Because embassy evacuations and humanitarian relief involved quick insertions and a get-it-done-fast approach, the Marines did those things, too, in southeastern Turkey, northern Iraq, Somalia, Haiti, Sierra Leone, East Timor, Bosnia, Kosovo, Liberia, and Afghanistan.
The Marines were a flattened hierarchy in the manner of the most innovative global corporations, with responsibility pushed out to the farthest edge of the battlefield. Every marine a rifleman was the literal truth. Whether a Marine aviator, auto mechanic, or cook, every marine was familiar with infantry skills, and had to keep practicing them. It was a system that suited the guerrilla-style conflicts of the twenty-first century, where battle lines had dissolved and a support unit could easily find itself fighting for its life, as happened during Operation Iraqi Freedom.
The Marines did not quite have the educational opportunities that the Army had, with its vast network of schools and war colleges. The Marines did not have a West Point. Marine sergeant majors did not have a sergeant majors’ academy like the Army’s at El Paso, Texas. The Marines made do with OJT (on-the-job training). Marine OJT taught everyone the job “one up,” so that he could fill the shoes of his immediate superior.
While in Special Forces, a master sergeant was the effective leader of an A-team of twelve men; in the Marines, a lower-ranking staff sergeant led a platoon of thirty-nine men divided into three squads of thirteen, each led by a corporal. They were in turn divided into fire teams of three or four men led by a lance corporal. Most of these noncoms were in their early twenties.

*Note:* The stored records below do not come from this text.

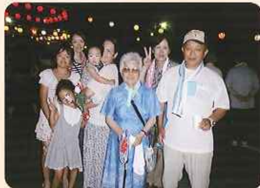
▲みんなで夏祭りを楽しんでます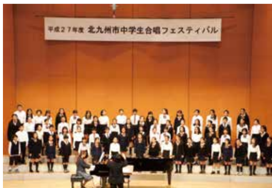
小学校合唱部の合同合唱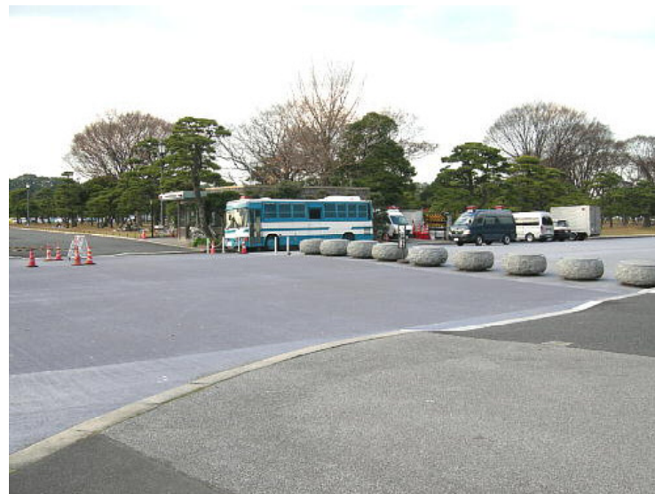
馬場先門跡より岩倉具視邸跡を見る

馬場先門内の角地にある岩倉邸に住んだことから、武四郎は「馬角齋」の号を用いたと言われている。同じ号でも、剛直球の「憂北生」や「北海道人」とは違い、「馬鹿くさい」「兎に角、馬に角」など、北齋張りの捻りを利かせている。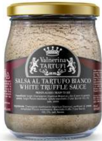
SALSA AL TARTUFO BIANCO NEW WHITE TRUFFLE SAUCE NEW 500 g / cod. STBN500 EAN CODE: 8053629680469

PALLET 120 x 80 x 175 cm cartoni per strato / boxes per layer: 24 n° strati / no. of layers: 17 tot cartoni / tot boxes: 408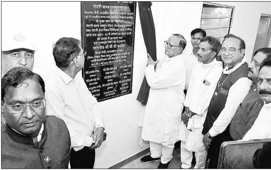
शिक्षा मंत्री बी.डी.कल्ला ने मंगलवार को जयपुर के पास कानोता में राजकीय कन्या उच्च माध्यमिक विद्यालय के नवीनीकृत भवन का उद्घाटन किया।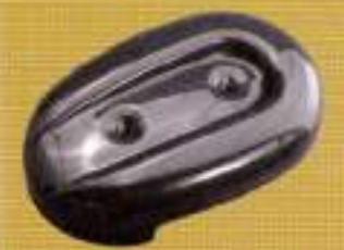
800PI カーボンエアクリナーカバー ¥17,000

万が一転倒した時にこれを装着していればレバーの破損や、外装をキズつけずに済む。純正より小ぶりなサイズで、スポーツスターの持つ軽快なイメージを損なわない。クロームの他にブラックもあり。12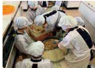
給食用の味噌づくり体験 (太子町)

学校給食での県産食材の利用を推進するため、市町の教育委員会等に対し、アドバイザーを派遣 栄養教諭等の環境負荷低減に対する理解醸成や、有機農産物を継続的に利用する体制構築を推進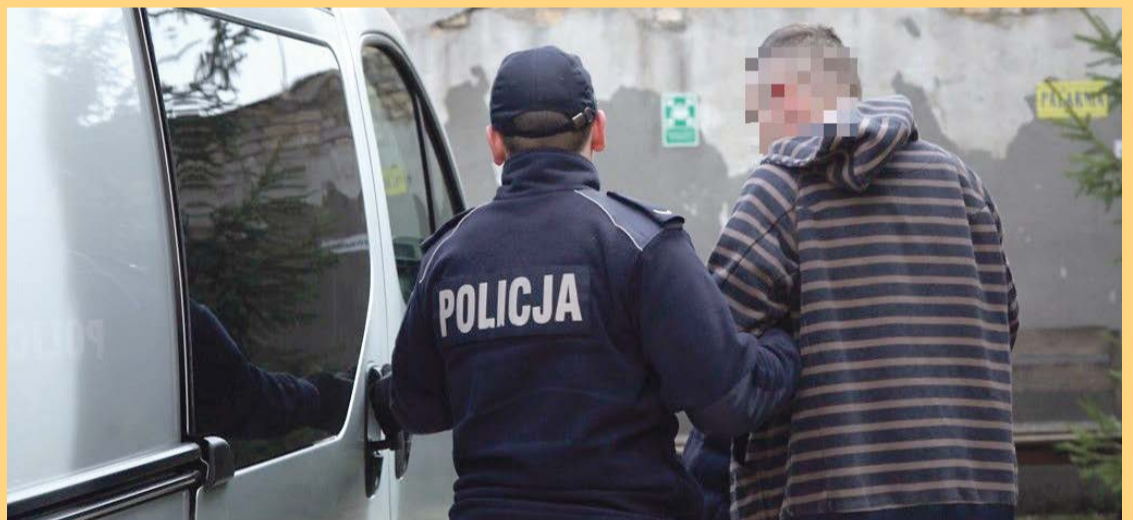
Chciał się wyłgać, podając fałszywe dane. Nie udało się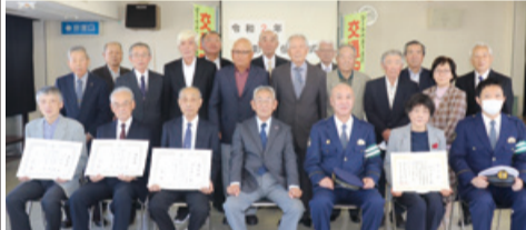
表彰された皆さんと秋葉警察署小山署長(右から3人目)ほか

長年の交通安全功労に対し、関東連名表彰、緑十字銅章等の伝達式が行われました。皆さん、おめでとうございます。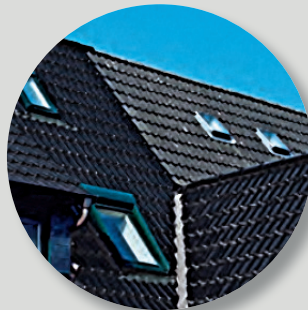
Renovatie met MAXIMA PRO

Ideaal voor de renovatie van oude(re) daken naar hoogwaardige klei. Want MAXIMA PRO kan dankzij haar dekbreedte van 300 mm perfect op bestaande latten van betondakpannen worden aangebracht (in geval van betondakpan 10 stuks/m 2 ).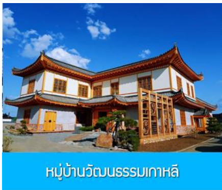
หมู่บ้านวัฒนธรรมเกาหลี

จากนั้นนำท่านเดินทางสู่เมืองตุนฮว่า 敦化 (ระยะทาง 130 กม. ใช้เวลาเดินทางราว 2 ชั่วโมง)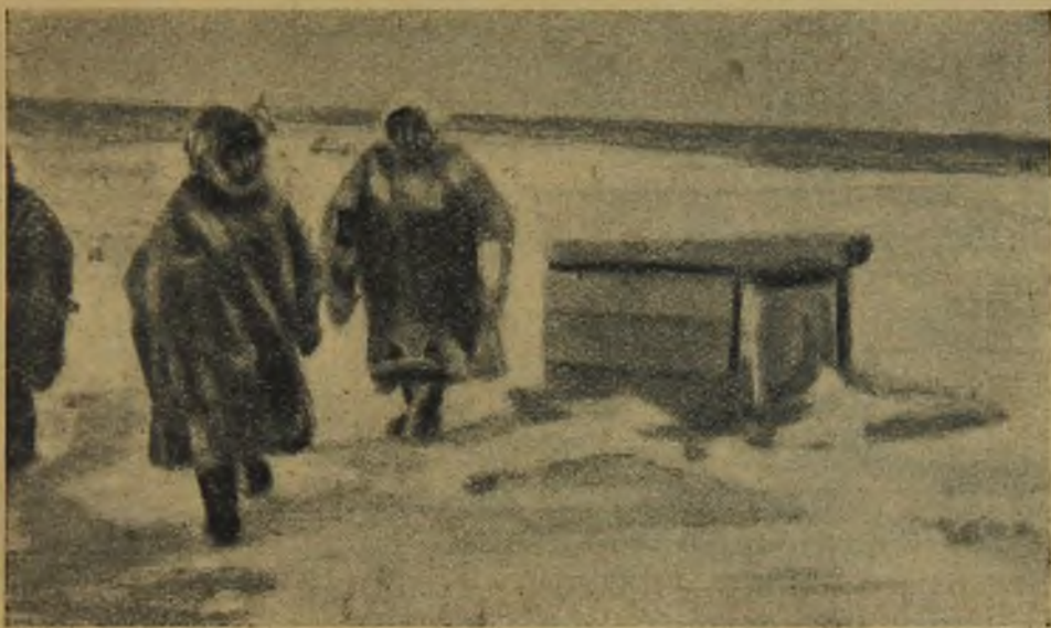
Оставленное для нас продовольствие.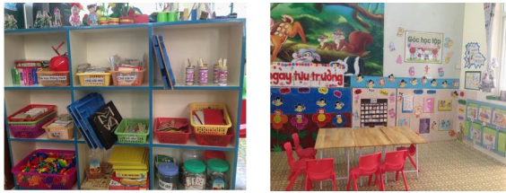
Hình 1, 2

đồ chơi được đặt ở các ngăn tủ với kí hiệu ra sao? Cần xây dựng nội quy trong góc và tất cả đều tuân theo nội quy riêng của góc (xem hình 1, 2).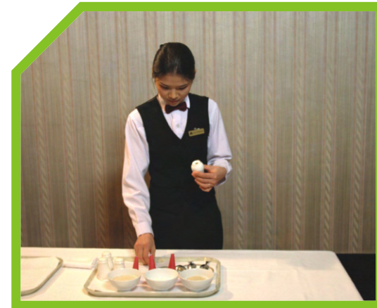
KIỂM TRA BỀ NGOÀI CỦA CÁC KHAY ĐỰNG ĐỒ GIA VỊ 29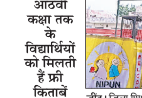
जींद। जिला शिक्षा अधिकारी कार्यालय।

निशुल्क किताबें शिक्षा विभाग की ओर से विद्यार्थियों को भेजी जाती हैं। नया सत्र शुरू हो चुका है। ऐसे में विभाग की ओर से राजकीय स्कूलों में पहली से आठवीं कक्षा के विद्यार्थियों के लिए किताबें भेजी जा रही हैं। वहीं नौवीं से 12वीं कक्षा में राजकीय स्कूलों में शिक्षा विभाग की ओर से एनसीईआरटी या बोर्ड द्वारा प्रस्तावित किताबें ही लगवाई जाती हैं। इसके अलावा निजी स्कूलों में भी शिक्षा विभाग की ओर से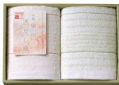
フェイスタオル2枚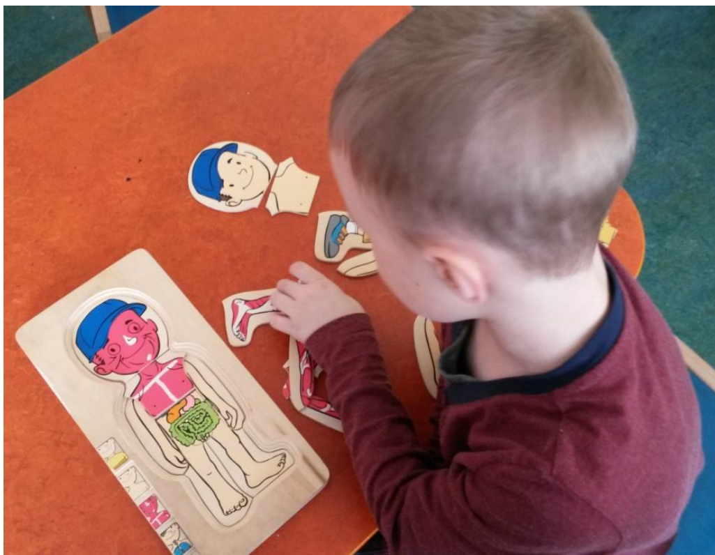
herní terapie – skládání puzzle – jednotlivé vrstvy těla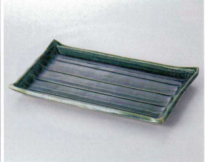
236-103-70 13,800円 織部手おこし長角大皿(39.8×24×4.7) 523610371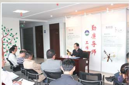
● 第四中学校长为师生宣讲“仁义礼智信”主题廉洁文化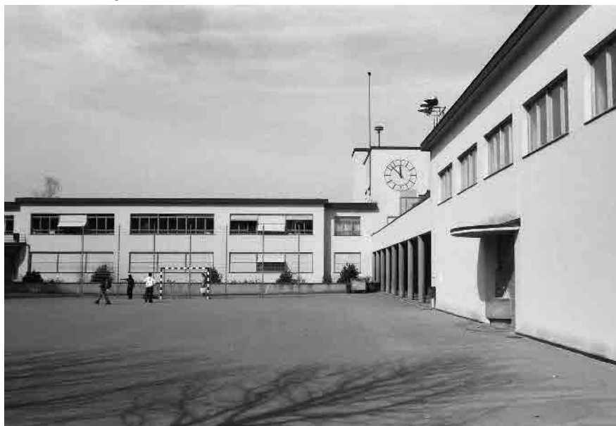
54 Schulhaus Stapfenacker 1932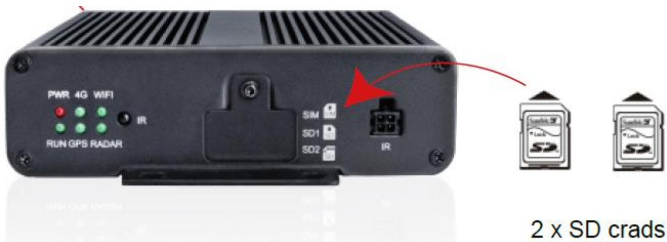
2 x SD crads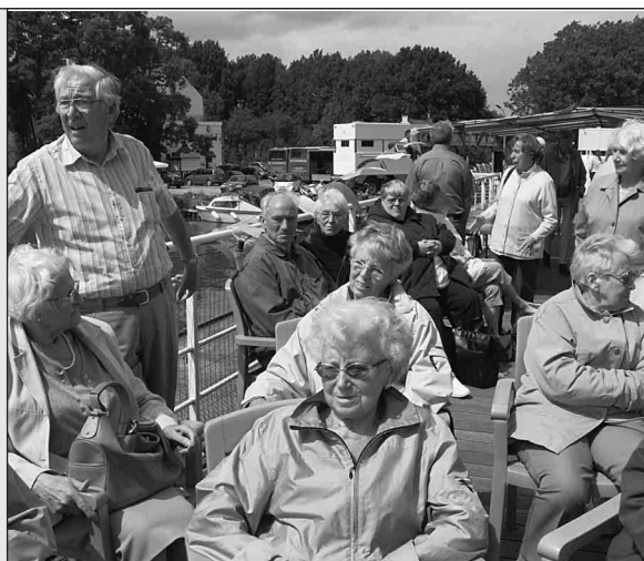
Met ziekenzorg op reis

Wie zich geroepen voelt om deze werkgroep te vervoegen kan zich aanmelden bij André Helderweirt , Pieter Van Malderenplein 4, Edegem, 03/449.90.33

Because the Marines were young, they offered sheer aggression—a not inconsiderable tool in war. Special Forces, on the other hand, with its older and more experienced noncoms, offered deliberation and maturity. Thus, Green Berets may have been better prepared for the nuances of peacekeeping, occupation, and the training of indigenous forces. Still, the Marines had organizational advantages. As I had learned in Afghanistan, Special Forces teams had air support in theory only; they had to fight and bargain for helicopters that were, in fact, owned by the regular Army and joint task forces. But the Marines had, as they put it, “organic” air—helicopters specifically assigned to each unit, giving these young Marine commanders real autonomy and bureaucratic power.
As in innovative businesses, tremendous personal responsibility at the lowest reaches of command was combined with the complete sublimation of the individual within the organizational cult. If you remained an individual, by definition you could not be a marine. 8
The Army Green Berets with their beards, ball caps, and Afghan dress were individualists; the Marines, with their extreme, “high and tight” crew cuts and digital camouflage uniforms, were standard-issue company men. And yet they both shared something vital, something which deeply attracted me: the history and tradition of Special Forces and the Marines were in counterinsurgency and unconventional war. Special Forces and the Marines, each in its own way, epitomized military transformation. Both these branches of the military combined nineteenth-century techniques with twenty-first-century technology. Because the lessons of conventional industrial age warfare of the twentieth century did not apply to the War on Terrorism, real military transformation would come about only when the Big Army and the Big Navy became more like Special Forces and the Marines, rather than the other way around.